Department of Radiology, Université Paris Descartes, 12 rue de l'Ecole de Medecine, 75006, Paris, France.
Department of Radiology, Juntendo University Graduate School of Medicine, 2-1-1, Hongo, Bunkyo-ku, Tokyo, 113-8421, Japan.
Milliman Inc., Tokyo, Japan.
Department of Neurology, Juntendo University School of Medicine, Tokyo, Japan.
Department of Neurosurgery, Juntendo University School of Medicine, Tokyo, Japan.
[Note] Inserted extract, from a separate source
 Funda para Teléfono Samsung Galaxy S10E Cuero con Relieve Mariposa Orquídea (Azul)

This study aimed to evaluate the accuracy and diagnostic test performance of the U-net-based segmentation method in neuromelanin magnetic resonance imaging (NM-MRI) compared to the established manual segmentation method for Parkinson's disease (PD) diagnosis.
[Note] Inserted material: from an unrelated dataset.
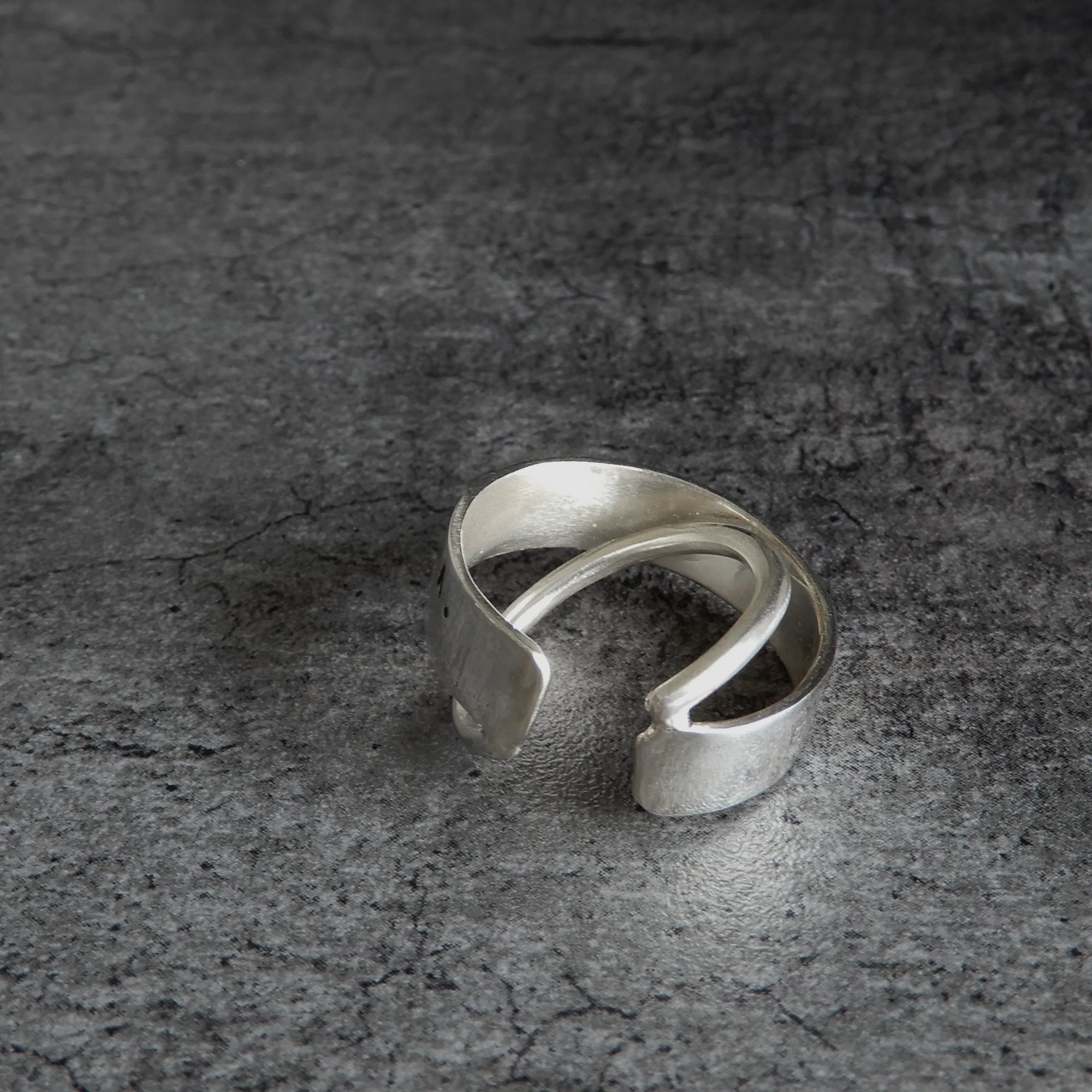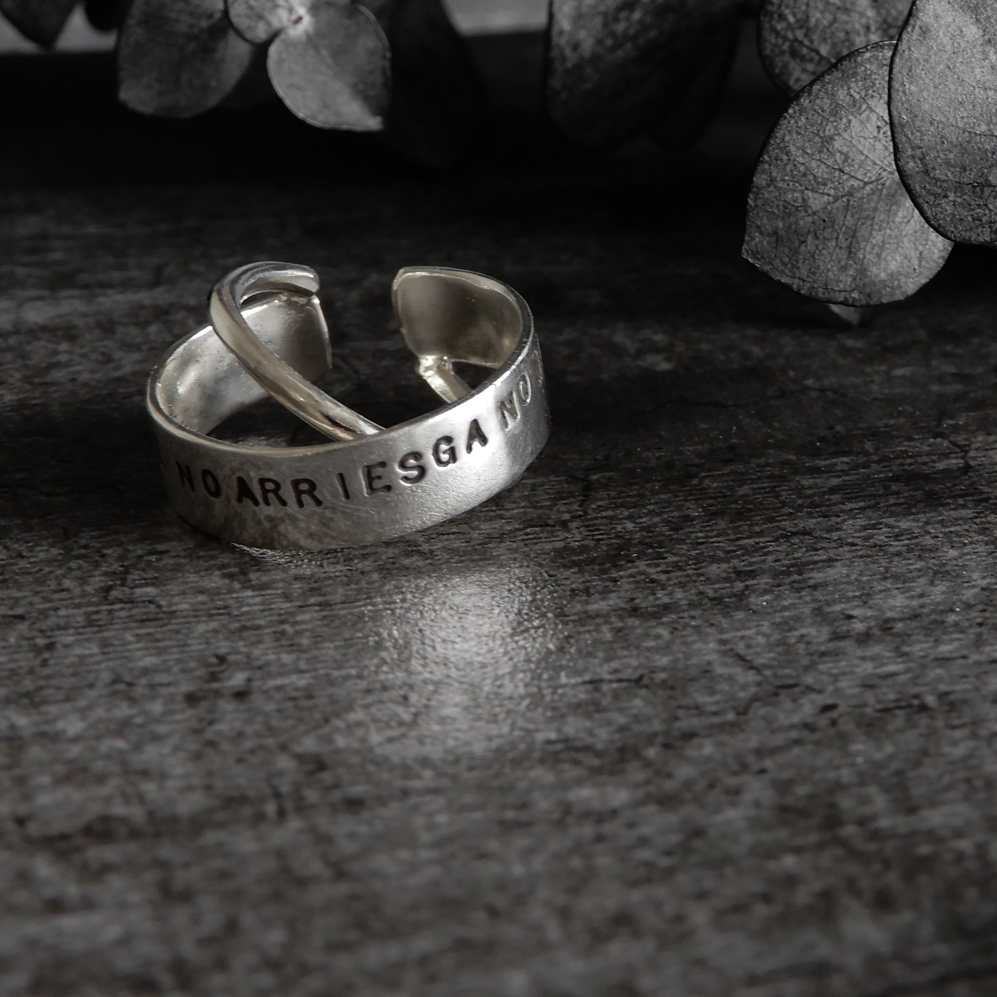 というスペイン語のフレーズが刻まれた平打ちリングにの内側に丸線をクロスさせたデザイン。

NM-MRI datasets from two different 3T-scanners were used: a "principal dataset" with 122 participants and an "external validation dataset" with 24 participants, including 62 and 12 PD patients, respectively. Two radiologists performed SNpc manual segmentation. Inter-reader precision was determined using Dice coefficients. The U-net was trained with manual segmentation as ground truth and Dice coefficients used to measure accuracy. Training and validation steps were performed on the principal dataset using a 4-fold cross-validation method. We tested the U-net on the external validation dataset. SNpc hyperintense areas were estimated from U-net and manual segmentation masks, replicating a previously validated thresholding method, and their diagnostic test performances for PD determined.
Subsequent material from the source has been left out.